In a world inundated with distractions, constant connectivity, and a plethora of information, our cognitive well-being has never been more crucial. Amidst the clamor, how do we nurture our minds, keep our focus sharp, and cultivate habits that promote mental clarity? The right lifestyle habits can be the cornerstone to maintaining and even enhancing our cognitive abilities, ensuring not just longevity but also the quality of our mental faculties. As a part of this series, I had the pleasure of interviewing Jonathan Snowiss.

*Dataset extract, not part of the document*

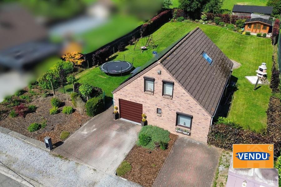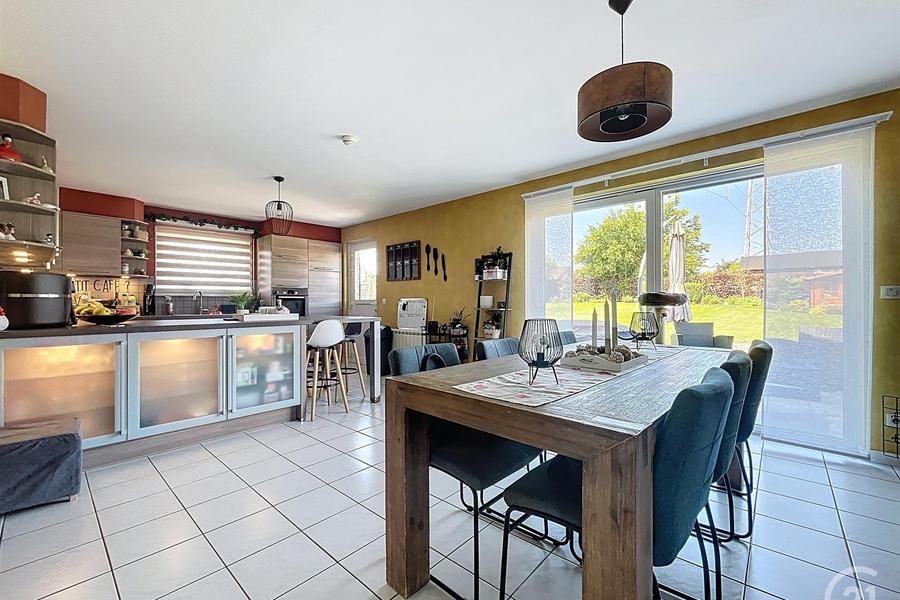 Elle offre un spacieux et lumineux séjour, une salle à manger, une cuisine super équipée, une salle de bains, une salle de douches, un WC séparé, ainsi que trois belles chambres. Un garage complète l'ensemble, le tout sur un terrain arboré de 10 ares 72 ca.

Jonathan Snowiss has been practicing and teaching Chinese Martial Arts (which includes kung fu, tai chi, qi gong, meditation, Chinese philosophy, and some Traditional Chinese Medicine) for 34 years. He has written many articles, including a book “Climbing the Mountain: The Essence of Qi Gong and Kung Fu” and just finished his manuscript starting from the philosophy of martial arts diving deep into his understanding of virtue, currently titled “Reflections on Virtue.” He lives in Southern California with his extraordinary family.

Thank you so much for doing this with us! Before we start, our readers would love to “get to know you” a bit better. Can you tell us a bit about your childhood backstory?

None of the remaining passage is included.